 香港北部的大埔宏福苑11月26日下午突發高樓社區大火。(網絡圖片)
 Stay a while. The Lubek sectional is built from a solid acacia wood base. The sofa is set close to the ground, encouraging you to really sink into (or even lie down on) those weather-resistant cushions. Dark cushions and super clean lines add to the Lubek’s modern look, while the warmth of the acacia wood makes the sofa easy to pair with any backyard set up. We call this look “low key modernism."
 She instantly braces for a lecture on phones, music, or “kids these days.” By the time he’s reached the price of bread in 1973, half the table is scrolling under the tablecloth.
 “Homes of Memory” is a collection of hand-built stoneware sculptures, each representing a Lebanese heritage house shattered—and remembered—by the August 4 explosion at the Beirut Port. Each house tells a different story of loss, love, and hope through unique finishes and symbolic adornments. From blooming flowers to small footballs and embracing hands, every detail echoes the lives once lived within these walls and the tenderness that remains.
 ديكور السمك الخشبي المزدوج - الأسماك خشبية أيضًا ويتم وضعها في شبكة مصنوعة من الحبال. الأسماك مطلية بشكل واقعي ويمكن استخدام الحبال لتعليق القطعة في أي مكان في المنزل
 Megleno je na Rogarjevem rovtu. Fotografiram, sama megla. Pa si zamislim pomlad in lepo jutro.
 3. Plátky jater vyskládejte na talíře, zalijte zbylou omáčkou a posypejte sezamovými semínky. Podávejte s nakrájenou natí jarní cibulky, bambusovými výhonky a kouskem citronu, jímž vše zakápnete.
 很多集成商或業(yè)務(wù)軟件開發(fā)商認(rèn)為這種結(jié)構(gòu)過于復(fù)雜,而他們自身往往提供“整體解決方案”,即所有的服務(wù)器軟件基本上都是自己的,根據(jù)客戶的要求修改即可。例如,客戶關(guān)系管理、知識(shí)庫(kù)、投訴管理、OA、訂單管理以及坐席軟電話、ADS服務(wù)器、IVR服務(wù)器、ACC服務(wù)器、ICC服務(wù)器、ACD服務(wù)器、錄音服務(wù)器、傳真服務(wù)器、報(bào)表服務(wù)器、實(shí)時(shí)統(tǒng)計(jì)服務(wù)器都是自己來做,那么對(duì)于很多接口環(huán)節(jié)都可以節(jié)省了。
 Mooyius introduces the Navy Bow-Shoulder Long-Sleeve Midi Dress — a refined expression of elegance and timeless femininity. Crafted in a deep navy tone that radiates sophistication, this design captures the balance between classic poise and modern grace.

= = = = =

Will you return exactly the lines above from the one with "Stay a while." down to the one with "She instantly braces", counting both as part of the range?

 Stay a while. The Lubek sectional is built from a solid acacia wood base. The sofa is set close to the ground, encouraging you to really sink into (or even lie down on) those weather-resistant cushions. Dark cushions and super clean lines add to the Lubek’s modern look, while the warmth of the acacia wood makes the sofa easy to pair with any backyard set up. We call this look “low key modernism."
 She instantly braces for a lecture on phones, music, or “kids these days.” By the time he’s reached the price of bread in 1973, half the table is scrolling under the tablecloth.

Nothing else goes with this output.